La produzione ebbe un senso e un consumo fino a quando la moda dell’aperitivo era spostata sul gusto amaricante, poi il progredire dell’affermazione del sapore pseudo dolce e fruttato del vino e di altre bevande pre pasto, ha via via ridotto la quantità del prodotto fino a farlo scomparire per qualche decennio.

Oggi la volontà di alcuni giovani vignaioli ha portato alla riemersione del Bianco Secco Rancio, ottenuto da uve Grenache Blanc e Macabeu (Viura nella Rioja) per la parte predominante e altre uve locali come aspetto complementare.

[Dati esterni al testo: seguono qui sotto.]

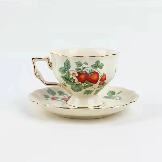 French Vintage Coffee Set: Strawberry Ceramic Cup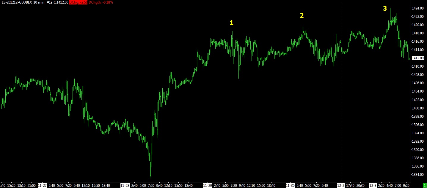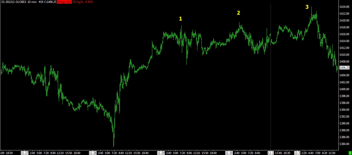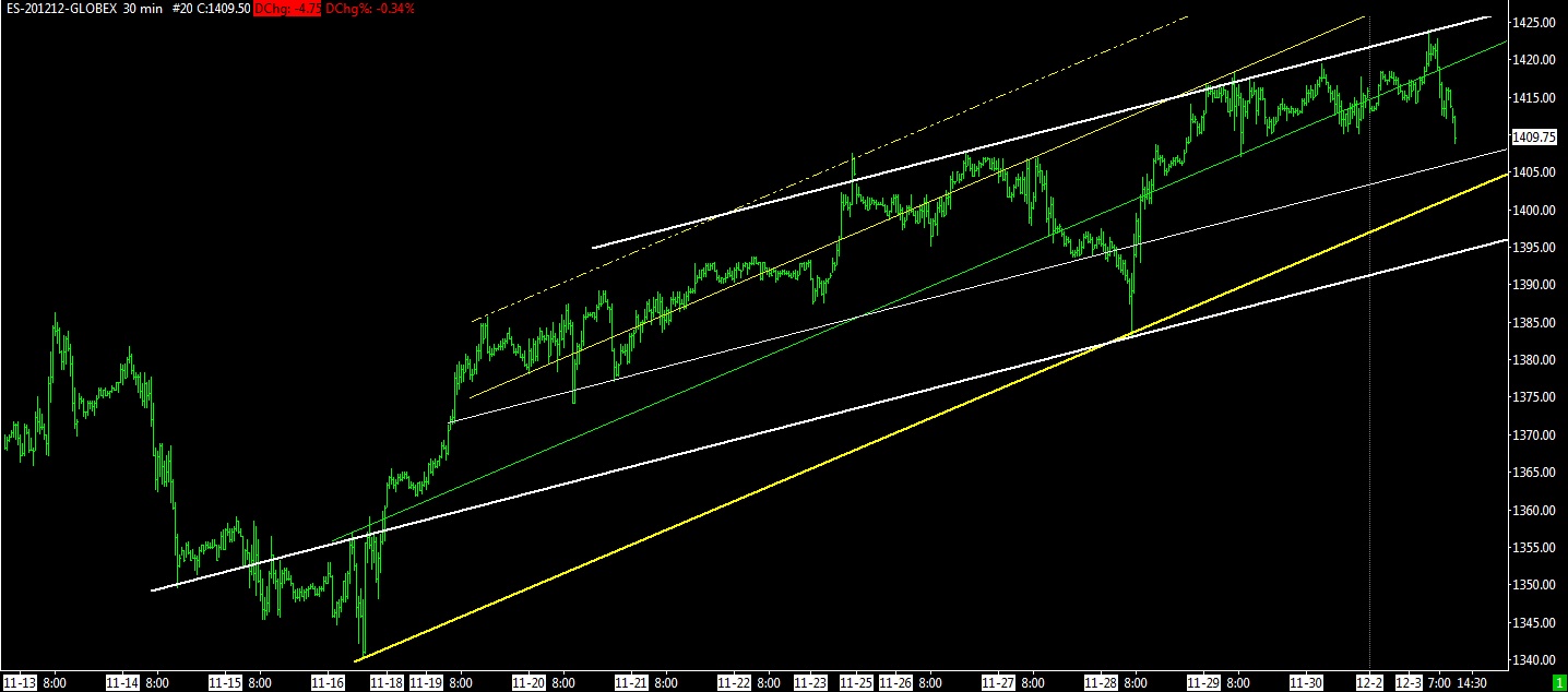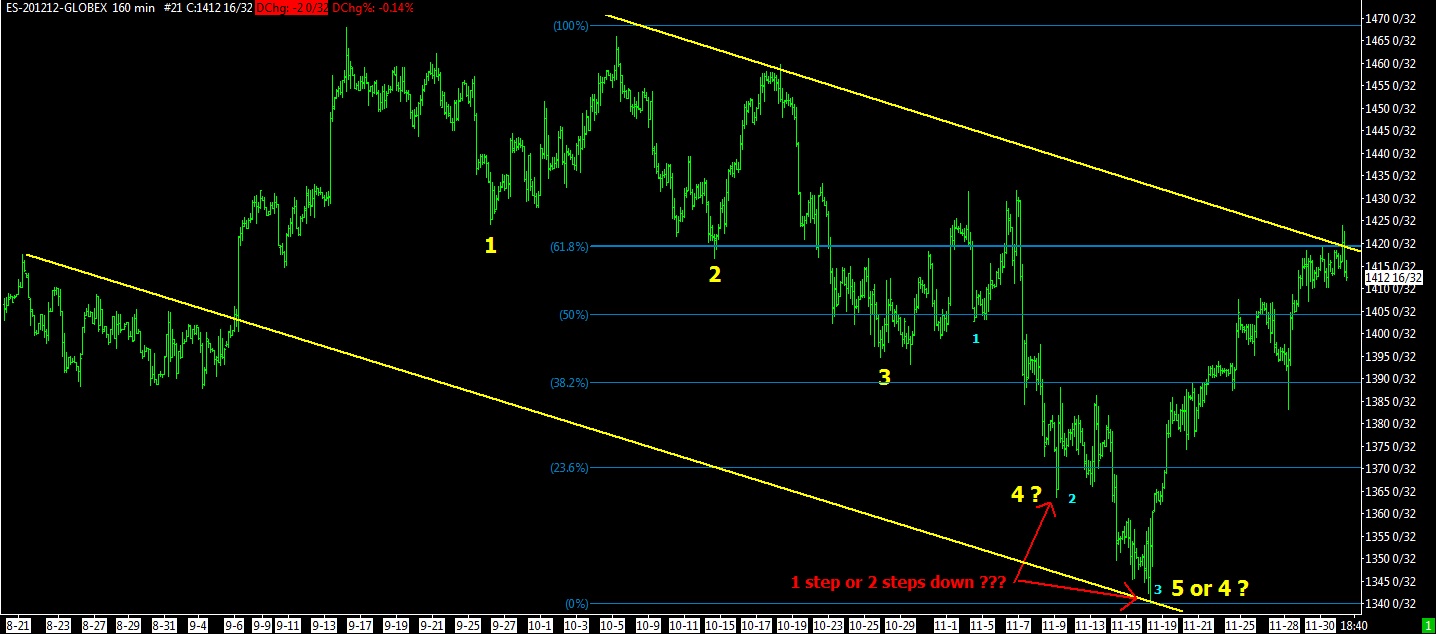 10:20 PST – It appears that we may have finished a step up this morning, counting from 11/28/12 (I count 3 steps on the chart). Was this the end of the significant 3 steps up since 11/16 or only 2 steps up? Until we take out a significant prior low and break the uptrend channel, it’s usually considered to be a correction and not a reversal of the 11/16 bottom (unless you want to gamble – been there done that many, many times).

Lo stile ricorda l’allevamento del Vin Jaune del Jura e dello Xeres, infatti viene conservato in botti di legno, non nuove, per cinque anni, in modo che possa ossidarsi molto lentamente e in modo ben controllato.

Il vino bianco secco rancio si presenta sul mercato con la denominazione vino da tavola ottenuto con uve sovra mature, non essendoci un riferimento legislativo nella IGP e nella AOP.

Il profilo organolettico di questo bianco secco, stile “rancio”, è espresso visivamente da un brillante colore topazio o ambra, spesso venato di riflessi oro vecchio e talvolta color bronzo.

Al naso è secchissimo, con inondante offerta olfattiva tipicamente “rancio”: curry, canfora, spezie orientali e noce secca, scorza d’arancio amara e paglia secca. Il gusto è secchissimo, caloroso quel tanto per equilibrarsi con una decisa salinità e una dismessa freschezza. Finale amaricante, stile vermuth, quasi di Lillet.

Nella Côte Vermille, dove regnano il Banyuls e il Collioure, già si sta facendo strada, non solo come nuovo stile di aperitivo, ma come accompagnamento alle strepitose acciughe, salsate e non, di Collioure.

Tra le aziende che producono questo vino segnaliamo: Domaine de la Rectoire, Domaine des Chênes, Domaine del Schistes, Domaine Mas-Alart.

Non si sa mai, se qualcuno passasse da quelle parti il prossimo agosto potrebbe tentare un’esperienza degustativa.